Merge Sort question

S

Seth G.

The following question is about merge sort, and not particularly java
( I didnt know where else to put this query).

If merge sort uses the divide and conquer approach to sort an array in
the following manner(roughly):

MERGE_SORT(Array,begin,end)
{
if ( begin < end )
{
middle = ( begin + end ) / 2

// merge sort first half of array
MERGE_SORT(Array,begin,end/2);

// merge sort second half of array
MERGE_SORT(Array,end/2,end);

MERGE(Array,begin,middle,end);
}

}

What effect would dividing by the array into more than 2 (say
3,4,...,n) have on the algorithm? Would it be more efficient than the
merge sort runtime of
O(n logn)? My inclination is to say no, and it may in fact be less
efficient due to the increased recursive calls to merge sort, pushing
larger chunks of data onto the stack.

I remeber speaking to someone about this very topic before, and I
cant recall the outcome of that conversation and why I convinced
myself it was no more efficient than merge sort "as is".

Thanks in advance!
 
C

Chris Smith

Seth said:
What effect would dividing by the array into more than 2 (say
3,4,...,n) have on the algorithm? Would it be more efficient than the
merge sort runtime of
O(n logn)?

No. Logarithms of different bases are constant multiples of each other,
so dividing into three pieces would produce an algorithm that could be
called O(n log[base 3] n), but that is equivalent to any other
logarithmic base, as far as big-O notation is concerned. You just end
up with a constant multiple difference of (log 3 / log 2), and constant
multiples don't matter to big-O notation.

--
www.designacourse.com
The Easiest Way to Train Anyone... Anywhere.

Chris Smith - Lead Software Developer/Technical Trainer
MindIQ Corporation
 
R

Roedy Green

What effect would dividing by the array into more than 2 (say
3,4,...,n) have on the algorithm? Would it be more efficient than the
merge sort runtime of
O(n logn)? My inclination is to say no, and it may in fact be less
efficient due to the increased recursive calls to merge sort, pushing
larger chunks of data onto the stack.

It all depends on what algorithm is it using to sort the two halves.
Is it more or less efficient than merge over what range of sizes.
Normally a merge is used when:

1. you already have two streams sorted.

2. You have not enough ram to sort the whole pile at once, so you sort
chunks. The advantage of merge is you can merge two chunks without
needing room for both in the in and out chunks in ram at once.

Generally I would just use Sun's sort unless there is something
dreadfully wrong with it. Focus on writing a fast tight comparator.
If you want to experiment, benchmark various algorithms. See
http://mindprod.com/jgloss/sort.html
 
E

Eric Sosman

Seth G. said:
The following question is about merge sort, and not particularly java
( I didnt know where else to put this query).

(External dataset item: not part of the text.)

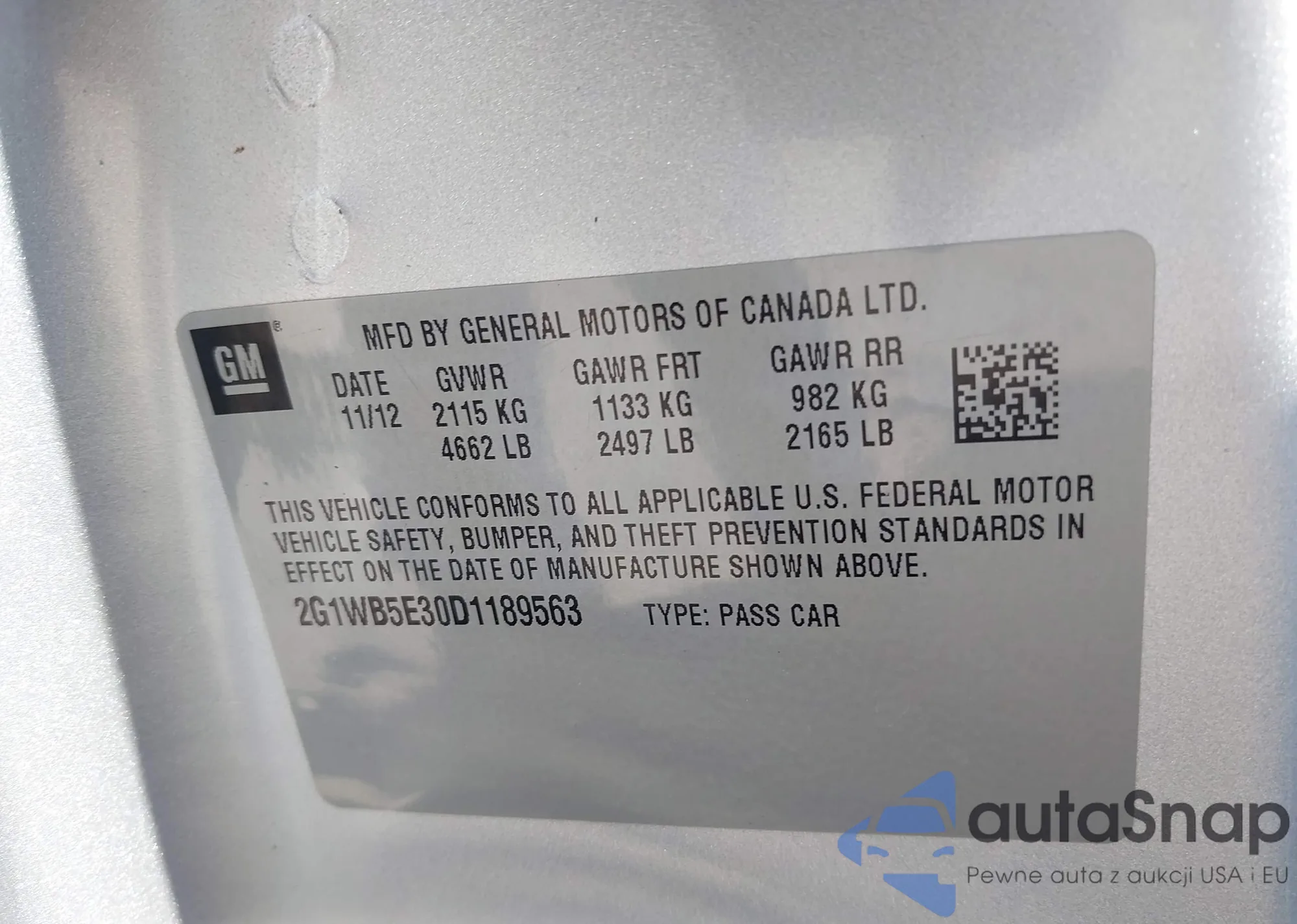 VIN: 2G1WB5E30D1189563

If merge sort uses the divide and conquer approach to sort an array in
the following manner(roughly): [pseudocode snipped]

What effect would dividing by the array into more than 2 (say
3,4,...,n) have on the algorithm? Would it be more efficient than the
merge sort runtime of
O(n logn)? My inclination is to say no, and it may in fact be less
efficient due to the increased recursive calls to merge sort, pushing
larger chunks of data onto the stack.

The big-Oh behavior will be unaffected, although all of
the constant factor, the threshold, and the lower-order terms
might change.

Note that merging three sorted sub-files of twelve items
each is harder than merging two sorted sub-files of eighteen
items. Merging six six-item files is harder still -- and,
of course, if you found yourself merging thirty-six one-item
files, it might occur to you that the sort hadn't made a lot
of progress up to that point ...

Carrying the idea to not quite such an extreme leads to
the "replacement selection" algorithm, described in detail
by Knuth ("The Art of Computer Programming, Volume III: Sorting
and Searching," Section 5.4.1) in connection with developing
the initial runs for external sorting, typically on magnetic
tape. The medium may seem archaic, but the algorithm can
certainly be applied in other contexts.
 
R

Roedy Green

in connection with developing
the initial runs for external sorting, typically on magnetic
tape. The medium may seem archaic, but the algorithm can
certainly be applied in other contexts.

The nice thing about merge is it requires only sequential access. It
can work in a bare minimum of RAM.

You will see it used in OptTech sort for example after RAM-fuls of
data have been sorted and dumped to disk. After that first phase, you
do an N-way merge to create longer and longer chunks on disk until you
are done.

see http://mindprod.com/jgloss/sort.html

In the old days, 3 way merges were accomplished with a bank of 6 tape
drives, three in and three out. You would see saw the data back and
forth, gradually getting longer blocks of sorted data.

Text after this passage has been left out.